Le roman formule de manière progressive les chocs du vingtième siècle : deux guerres
mondiales et toutes les guerres de décolonisation du continent africain. Comme un bruit
d’abeilles exprime cette capacité du roman, revisité par un écrivain algérien du 20e siècle, à
dire la malléabilité d’un genre et sa disponibilité à l’acte pulvérisateur d’un écrivain malade
de son histoire : pulvérisation du temps, de l’espace, des personnages et du sujet de
l’énonciation, qui tente malgré tout de se faire entendre…
Dans un troisième temps, il importe d’observer que la pulvérisation traduit le désir d’une
littérature autre, à travers un imaginaire autre. Celle-ci a un rôle fondamental pour les
individus car elle les secoue et les rassemble dans le même temps. Les enjeux sont capitaux,
particulièrement lorsque deux imaginaires s’opposent dans un seul et même miroir : le
territoire. Celui des colonisés a su s’opposer et résister à l’imaginaire colonial. A ses débuts,
Mohammed Dib a proposé une utopie comme alternative à la réalité morose de la période
coloniale et post-coloniale. Par la suite, il s’est solidarisé avec la quête mémorielle collective
et la restitution d’une instance subjective. Il se révèle alors essentiellement tourné vers le
souvenir et la réparation. Néanmoins, derrière l’éclatement affiché, le texte s’avère
extrêmement élaboré et rigoureux. Si l’on se concentre sur les modalités de déstructuration du
texte, et si l’on suit la filière engagée jusqu’au dénouement par l’incipit et le paratexte, il
apparaît que la formation de ce nouvel imaginaire passe par une application partielle des
règles fondamentales déjà élaborées par Aristote et interprétées par Averroès. En effet,
Mohammed Dib dénonce les limites du récit linéaire qui emprisonne l’écrivain dans la
continuité. Lorsqu’il relate l’Histoire dans ses écrits, il s’attache à montrer ce qui est caché.
Retranscrire toute la richesse et la complexité de l’Histoire induit donc l’emploi d’une forme
plus adaptée, permettant nuance et complexité.
Une étude comparative de Simorgh (2003) avec l’œuvre récente d’Edouard Glissant, La
Cohée du Lamentin (2005), permet de constater les correspondances qui existent entre deux
oeuvres différentes. Ces deux grands auteurs se sont penchés respectivement dans leurs écrits
sur l’histoire de leur propre pays. Mohammed Dib sur la colonisation française et Edouard
Glissant sur l’esclavage. Tous deux constatent les conséquences présentes des tragédies
historiques. Dès lors, les deux auteurs ont créé des œuvres qui se répondent au vingt et
unième siècle car au bout de leur réflexion a germé un projet similaire: créer un nouvel
imaginaire pour dépasser les souffrances engendrées par la tragédie. Edouard Glissant a mis
en place un nouvel épique qui s’enracine dans la créolisation. Mohammed Dib fait aboutir un
patient et vaste projet qui se concrétise véritablement dans Simorgh, son dernier ouvrage.

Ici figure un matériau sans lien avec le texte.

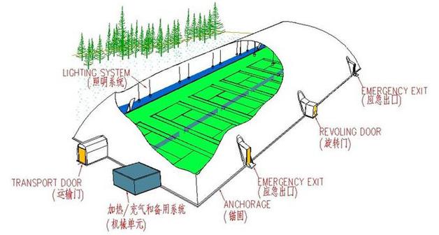 氣膜建筑也稱為“空氣支撐結構”—air supported structure,是以特殊的建筑膜材為建筑外殼,并配備一套智能化的運行控制系統(tǒng)為完全密閉的氣膜建筑內(nèi)部提供空氣壓力,使整體建筑內(nèi)部始終保持對外部環(huán)境的正壓,從而靠內(nèi)、外部壓力差把建筑主體支撐起來的一種建筑結構系統(tǒng)。一套完整的氣膜建筑系統(tǒng)還包括了照明系統(tǒng)和門禁系統(tǒng)。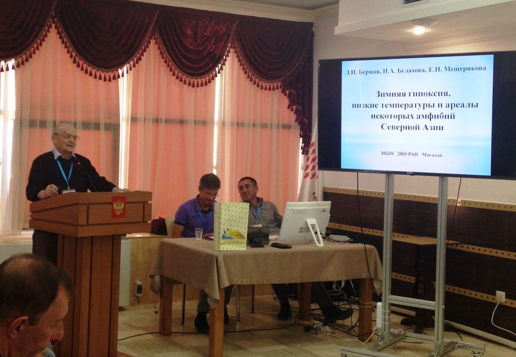 Постоянные участники съездов Герпетологического общества им. А. М. Никольского — сотрудники лаборатории биоценологии нашего института. На протяжении многих лет один из неизменных объектов исследований, проводимых под руководством профессора Д. И. Бермана, − сибирский углозуб, самое северное земноводное. Экологии, физиологии, морфологии и филогеографии этого вида на северо-востоке посвящена серия публикаций магаданских зоологов в отечественных и зарубежных журналах. В последние годы интерес к биологии наземных пойкилотермных животных «перерос» в отдельное научное направление лаборатории — изучение адаптаций земноводных и пресмыкающихся севера Евразии к экстремальных условиям среды. Список объектов сегодняшних исследований включает в себя не только субарктические виды герпетофауны, основными лимитирующими распространение факторами которых служат экстремально низкие зимние температуры и краткое прохладное лето, но и ряд южных видов, ареалы которых ограничены иными критическими условиями.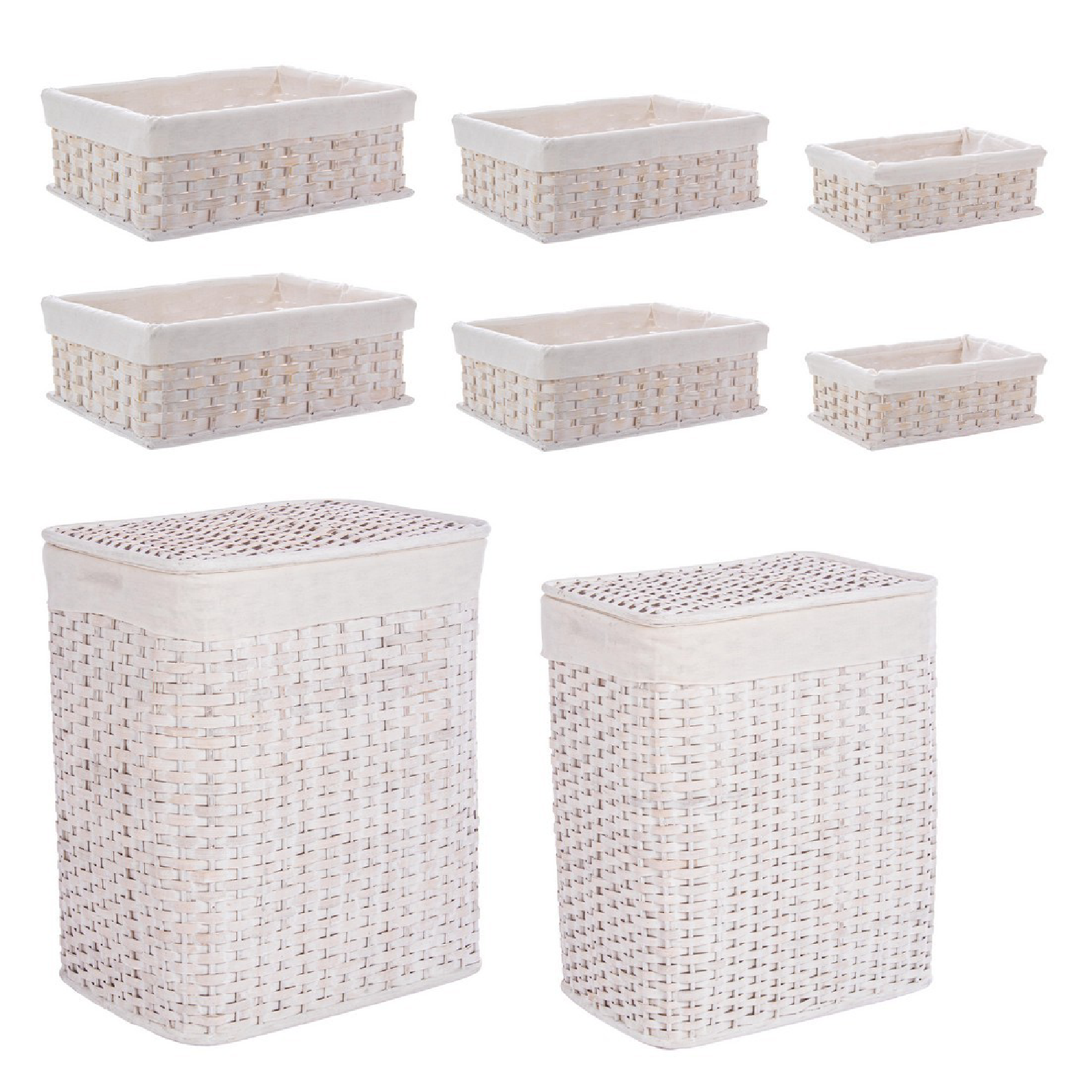 Set 2 porta biancheria "Homely rettangolare" 6 ceste in rattan e bambù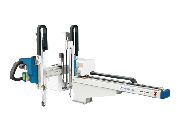 机械手用于注射成型机的成品以及水口的取出以及自动剪胶口、喷托模剂、模内放嵌件、模内贴标、模外整型、装配、堆叠、产品包装等等;广泛应用于汽车零部件,家电设备,食品包装、光学制造等行业中;为客户实现减员、增效、提质、保安全。
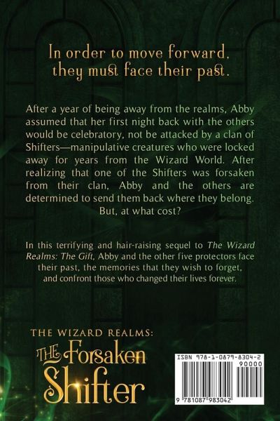 In Order to Move Forward, They Must Face Their Past. After a year of being away from the realms, Abby assumed that her first night back with the others would be celebratory, not be attacked by a clan of Shifters-manipulative creatures who were locked away for years from the Wizard World. After realizing that one of the Shifters was forsaken from their clan, Abby and the others are determined to send them back where they belong. But, at what cost? In this terrifying and hair-raising sequel to The Wizard Realms: The Gift, Abby and the other five protectors face their past, the memories that they wish to forget, and confront those who changed their lives forever.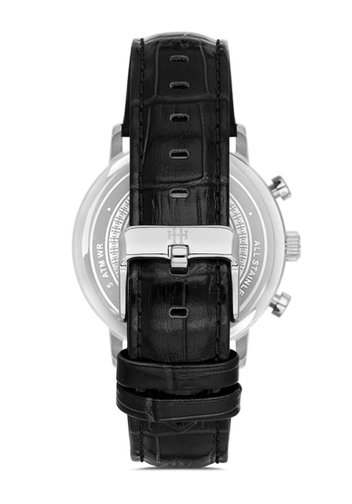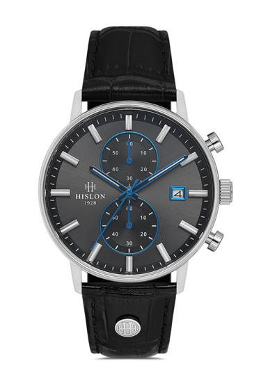 Hislon MS200S-04BS Deri Kordon Çelik Kasa 5 ATM Suya Dayanıklı Siyah Renk Erkek Kol Saati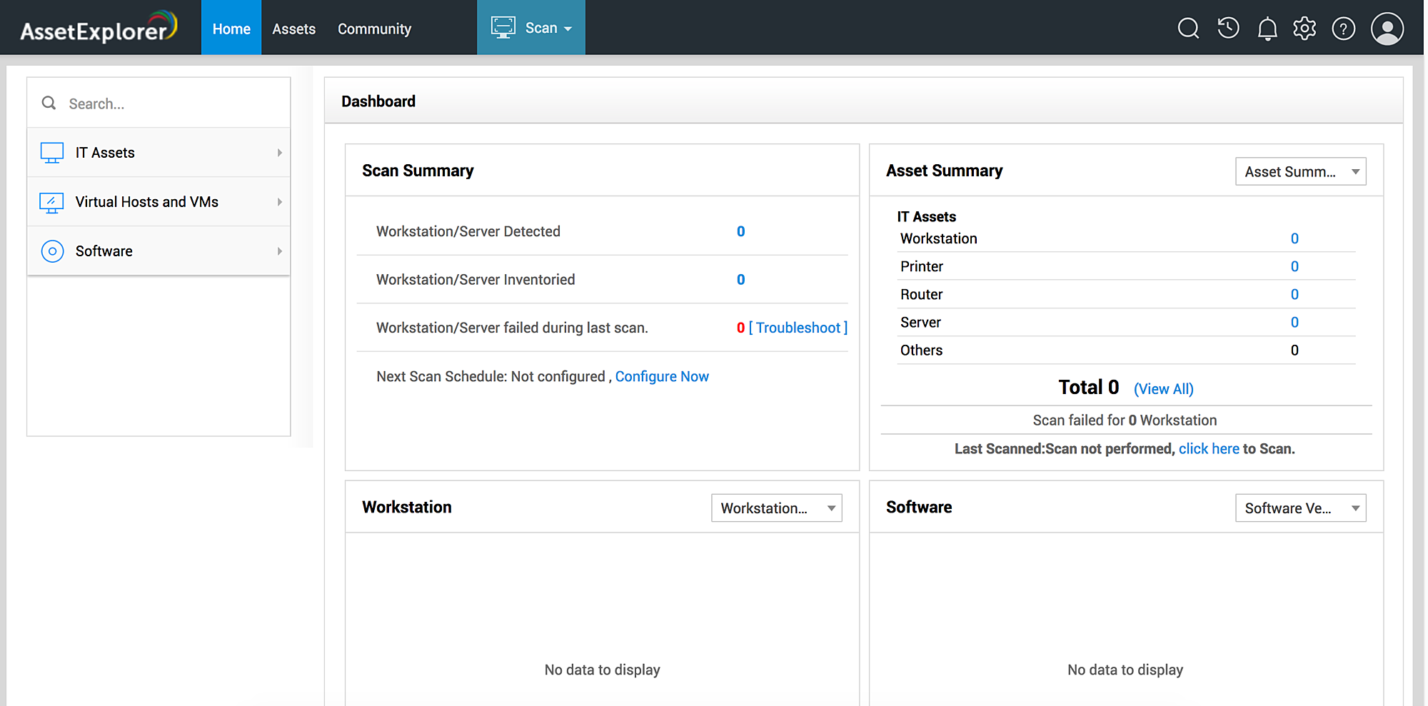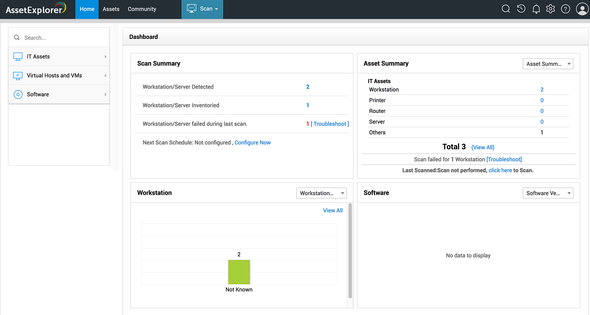 在主页下,您可以查看扫描和资产摘要,还可以查看工作站和Server中的软件安装情况。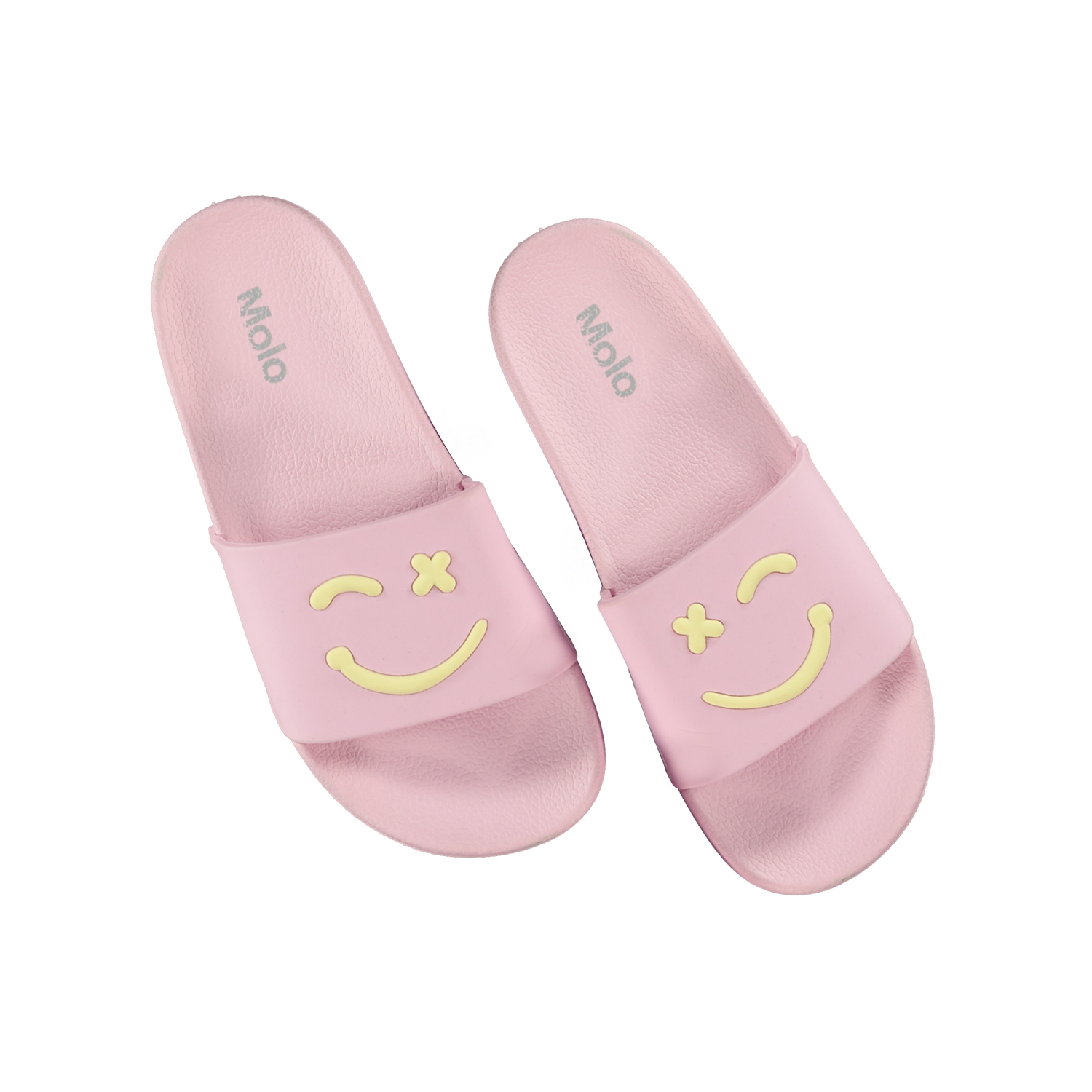 Molo's Zhappy sandaler er et must i sommervarmen når tæerne skal luftes. Disse slippers er i lyserød med en gul smiley. Sandalerne har desuden en elastisk strop omkring hælen i størrelserne 23/24 og 25/26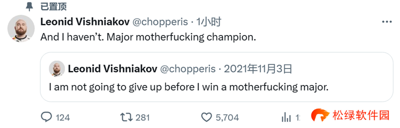 在2021年,chopper在社交平台上置顶了一条动态:在赢下Major之前我永远不会放弃。而三年之后他捧起了职业生涯首座Major奖杯。chopper也评论了这条动态:“我没有放弃,Major冠军!”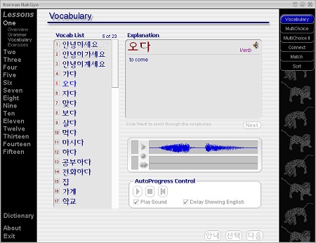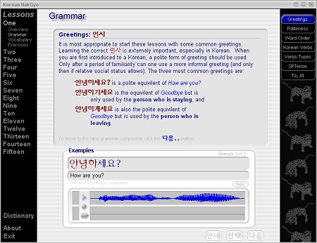 Korean HakGyo là một chương trình được thiết kế để giảng dạy ngữ pháp tiếng Hàn cơ bản thông qua các ví dụ minh họa sinh động và dễ tiếp thu.
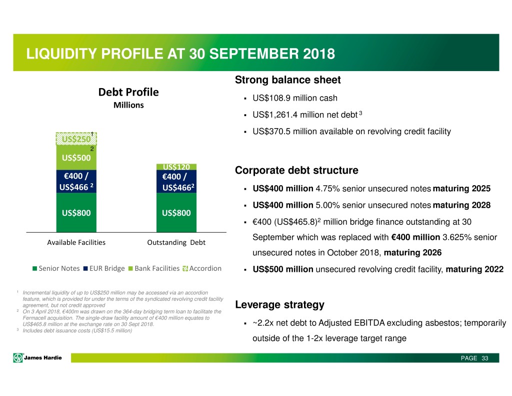 LIQUIDITY PROFILE AT 30 SEPTEMBER 2018 Strong balance sheet Debt Profile US$108.9 million cash Millions US$1,261.4 million net debt 3 1 US$370.5 million available on revolving credit facility US$250 2 US$500 US$120 Corporate debt structure €400 / €400 / 2 2 US$466 US$466 US$400 million 4.75% senior unsecured notes maturing 2025 US$400 million 5.00% senior unsecured notes maturing 2028 US$800 US$800 €400 (US$465.8) 2 million bridge finance outstanding at 30 September which was replaced with €400 million 3.625% senior Available Facilities Outstanding Debt unsecured notes in October 2018, maturing 2026 Senior Notes EUR Bridge Bank Facilities Accordion US$500 million unsecured revolving credit facility, maturing 2022 1 Incremental liquidity of up to US$250 million may be accessed via an accordion feature, which is provided for under the terms of the syndicated revolving credit facility agreement, but not credit approved Leverage strategy 2 On 3 April 2018, €400m was drawn on the 364-day bridging term loan to facilitate the Fermacell acquisition. The single-draw facility amount of €400 million equates to US$465.8 million at the exchange rate on 30 Sept 2018. ~2.2x net debt to Adjusted EBITDA excluding asbestos; temporarily 3 Includes debt issuance costs (US$15.5 million) outside of the 1-2x leverage target range PAGE 33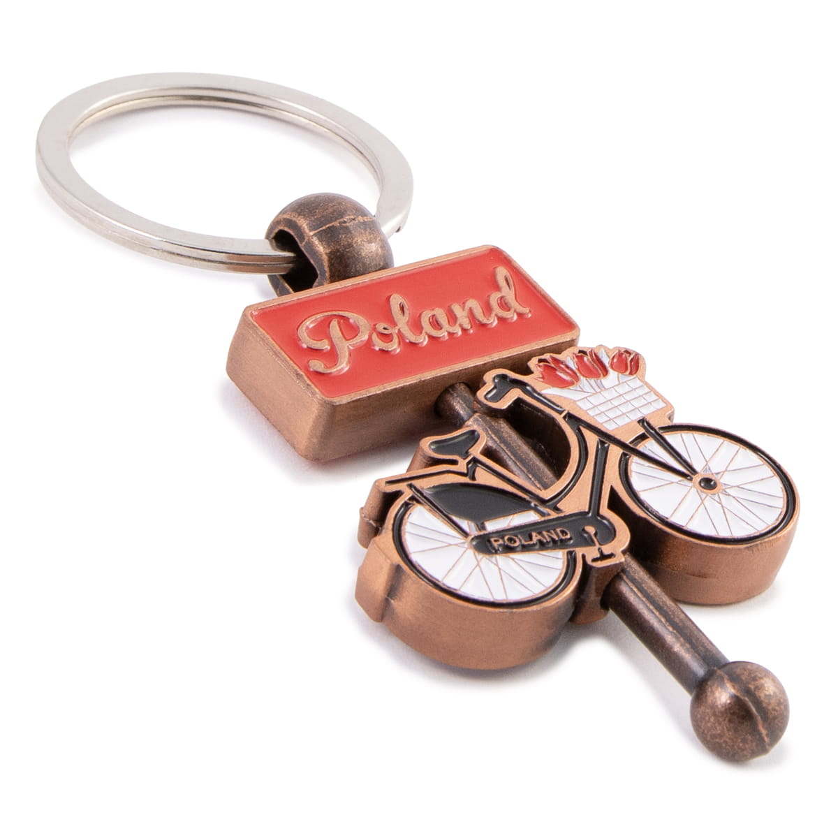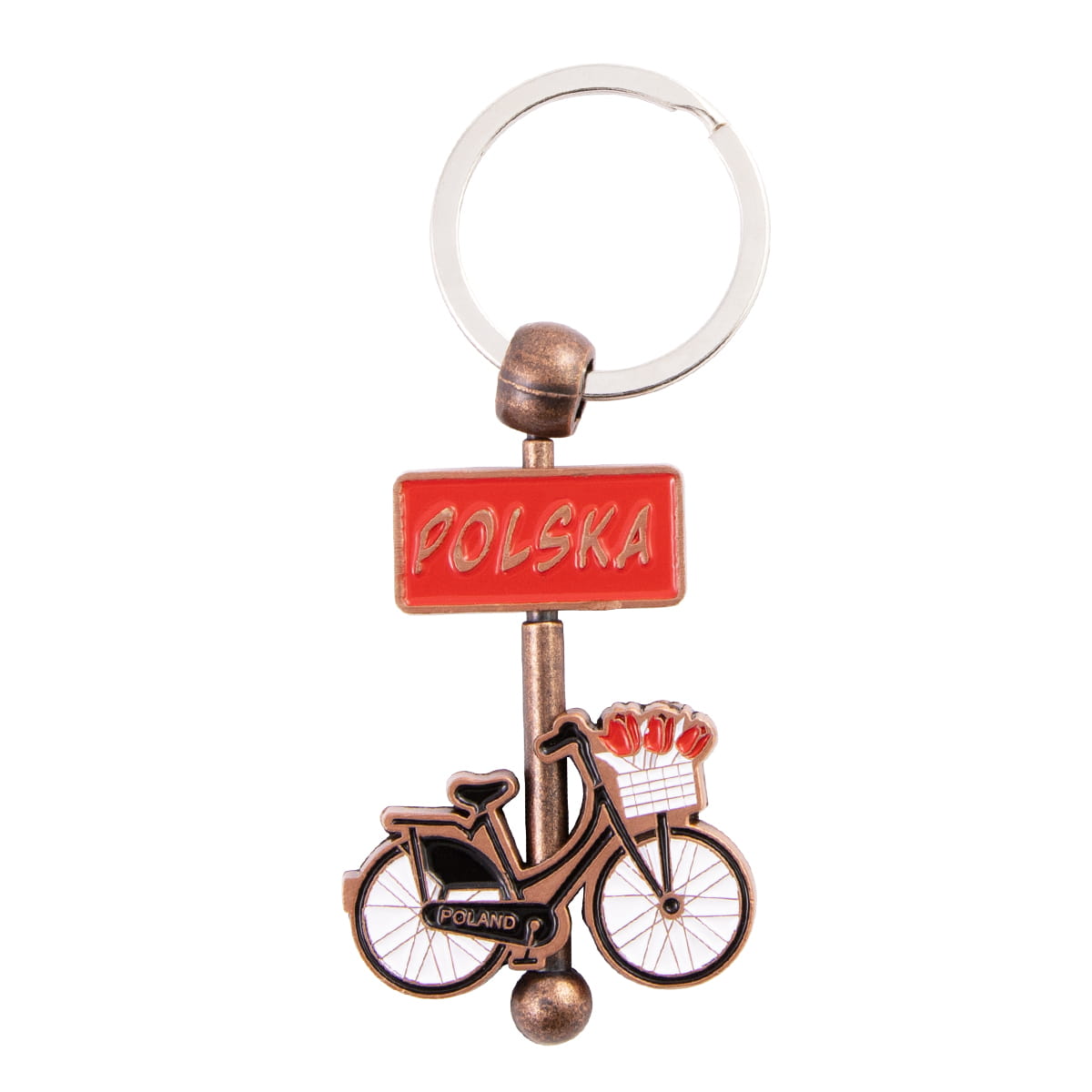 Metalowy breloczek z ruchomymi elementami, przedstawiający rower z koszem na kwiaty oparty o słupek z czerwoną tabliczką, na której znajdują się dwa napisy: od frontu Polska, a na rewersie Poland. Rower kręci się dookoła słupka, a także w górę i w dół. Na osłonie łańcucha rowerowego widnieje też niewielki, lecz wyraźny napis Poland.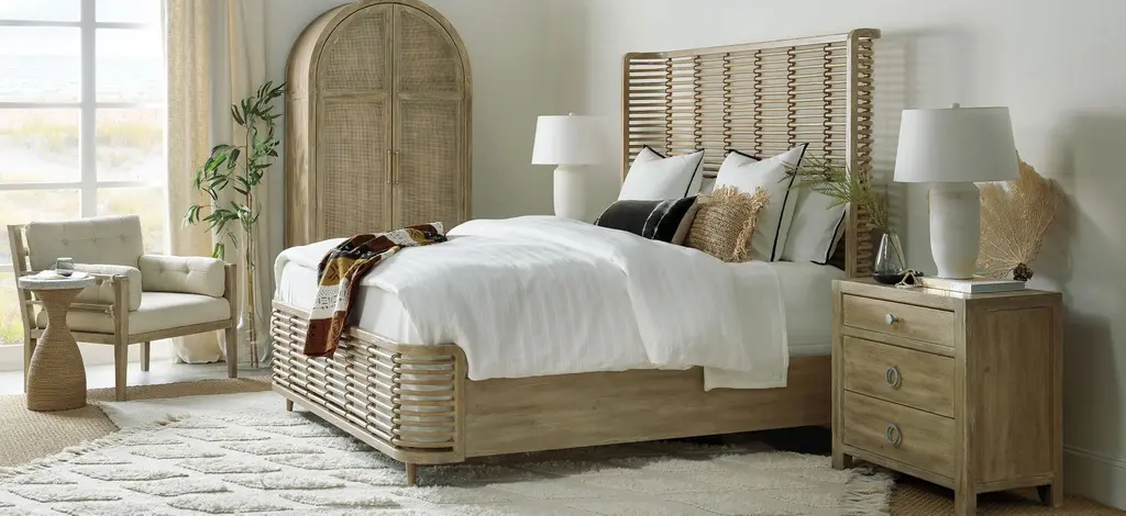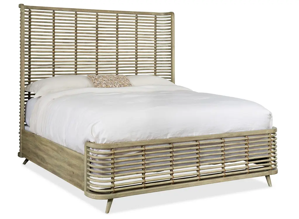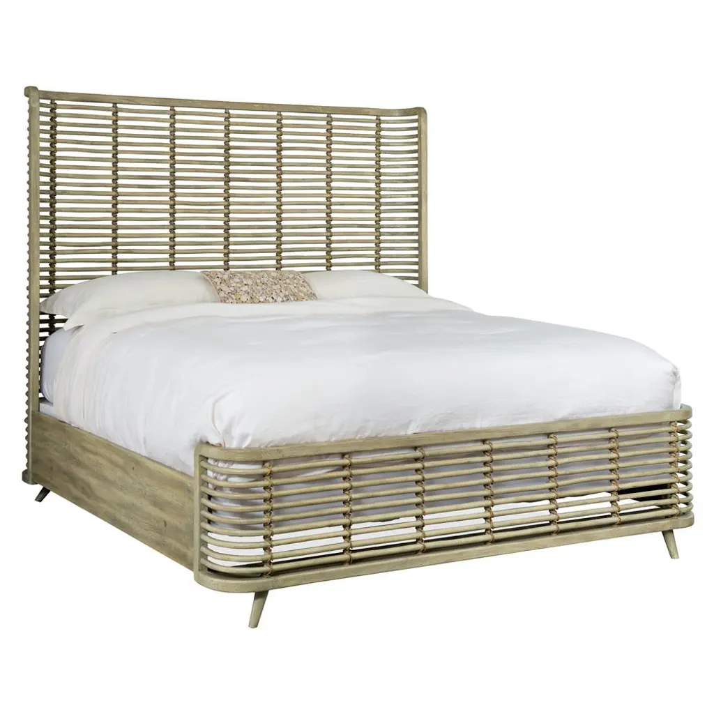 Crafted of Pecan Veneers, Cane, Raffia and hand-tied Jute Rope, the Sundance Queen Rattan Bed epitomizes a relaxed California casual lifestyle. The signature bed is finished a light natural finish called Driftwood with distressing including sandblasting and bleaching. Includes the headboard, footboard and rails.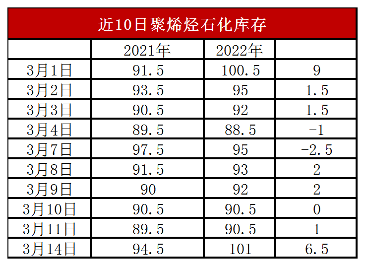 周初石化库存101万吨,较上周末增加10.5万吨,较去年同期高6.5万吨。经历了2月底3月初的快速去库后,近期去库速度有所放缓,周初库存重回100万吨以上。近期虽然检修装置逐渐增多,开工率陆续下降,但是尚未跌破90%,且需求本身是淡季,加之近期疫情影响下终端更加孱弱,抵消供应利好,库存水平再次明显高于去年同期。

Simorgh traduit un imaginaire enrichi par la connaissance de deux cultures littéraires majeures
Simorgh s’est donc non seulement construit sur ces deux héritages, mais il brille aussi par
l’originalité de sa structure, inédite, et par la diversité des sujets abordés : le clonage, la
mondialisation, l’intolérance, le capitalisme. A ces thèmes s’ajoutent d’autres thèmes plus
communs : le langage et son pouvoir, l’exil, la mémoire, l’Histoire, l’amour, la femme, la
mort, le partage, l’héritage, la transmission, l’altérité.
Manifestement Mohammed Dib a eu la volonté de dépasser le clivage de l’appartenance de
l’écrivain à une littérature dit « nationale ». Son projet apparaît clairement : donner vie à des
imaginaires « désexotisés » dans laquelle la lumière serait projetée sur tout ce qui peut
rapprocher les individus sans risquer de les faire basculer dans l’horrible « entre-monde ».